Как видите, общение между этими людьми шло на двух уровнях. В последние годы они научились выражать в словесной форме свою любовь друг к другу, однако в предшествующие десятилетия, полные разногласий и неодобрения, они передавали друг другу совсем другие сообщения. Долголетняя неприязнь, выраженная словесно, а также подразумевавшаяся безо всяких слов, оказала на Эдди большее воздействие, чем дружеское общение последних лет. Сорокалетнее внушение оказалось сильнее теплых слов, сказанных потом. Осознав это, сын понял, отчего он злился на отца. В течение нескольких месяцев, предшествовавших смерти старика, Эдди смог рассказать ему, как натерпелся от него в детстве и в молодости. После нескольких трудных разговоров отец и сын смогли добиться теплоты и понимания. Когда отец умер, у Эдди в памяти осталось ощущение близости с ним.

Совсем как мой отец

Отношения Кена и его отца отравлены тем, что старик склонен критиковать сына. К примеру, в прошлом году отец зашел на вечеринку, которую Кен устраивал у себя дома. Пока Кен жарил на вертеле цыпленка, его отец постоянно допекал его, говоря, что он все делает неправильно.

«Он у тебя подгорит! — говорил отец. — Лучше бы ты убавил огонь». Кен сказал мне, что отец так его разозлил, что у него возникло желание «выбить ему все лампочки».

Однако, несмотря на негодование, которое вызывает отец, Кен обращается со своим семейством абсолютно так же. На сеансе семейной терапии его старшие дети обозвали его «старым кирпичным обломком». Они сообщили, что он деспотично, предвзято и критически относится не только к ним, но и к своей жене.
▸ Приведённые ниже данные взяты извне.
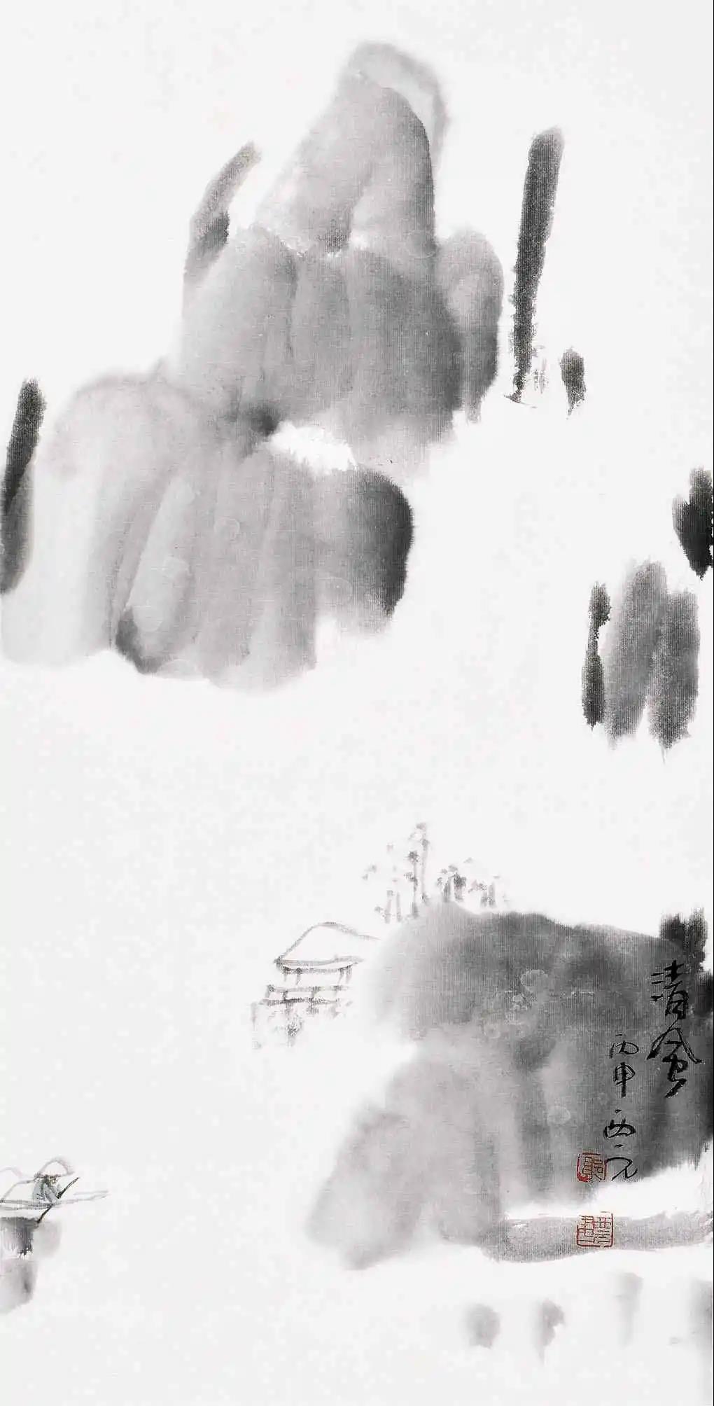 画楼泼墨雄浑 , 湖楼月 、半遮谷囤

Подобное встречается на каждом шагу: Дети возмущаются поведением своего отца и, тем не менее, неосознанно копируют его. Подобное положение кажется вполне естественным. Ребенок, которому отец причиняет страдания, склонен обходиться с другими так же, как обходится с ним отец. Однако есть еще один психологический момент, который подтверждает, что Кена можно считать «старым кирпичным обломком».

В своей книге «Убийство души: последствия насилия и отверженности, испытанных в детстве» Леонард Шерголд объясняет, почему некоторые люди отождествляют себя с отцом-обидчиком. Ребенок, целиком зависящий от взрослого человека, ошеломленный его безграничной властью, терпит полный эмоциональный крах. Ребенку нужен «хороший» отец, поэтому злые дела отца он видит как «хорошие» или оправданные (3). Другими словами, если единственный человек, у которого ребенок может обрести защиту, ведет себя жестоко и грубо, то ребенок пытается найти оправдание жестокости. Ему слишком тяжело представить себе единственно возможную альтернативную ситуацию: оказаться вообще без защитника.

Тем не менее, никто не лишает страдающих детей надежды. Насилие должно быть прекращено. Порицание и неприятие, длившиеся в течение десятилетий, могут быть изжиты. Однако первый шаг на пути к исцелению — осознание, осознание огромного влияния отца на все аспекты отношений в семье.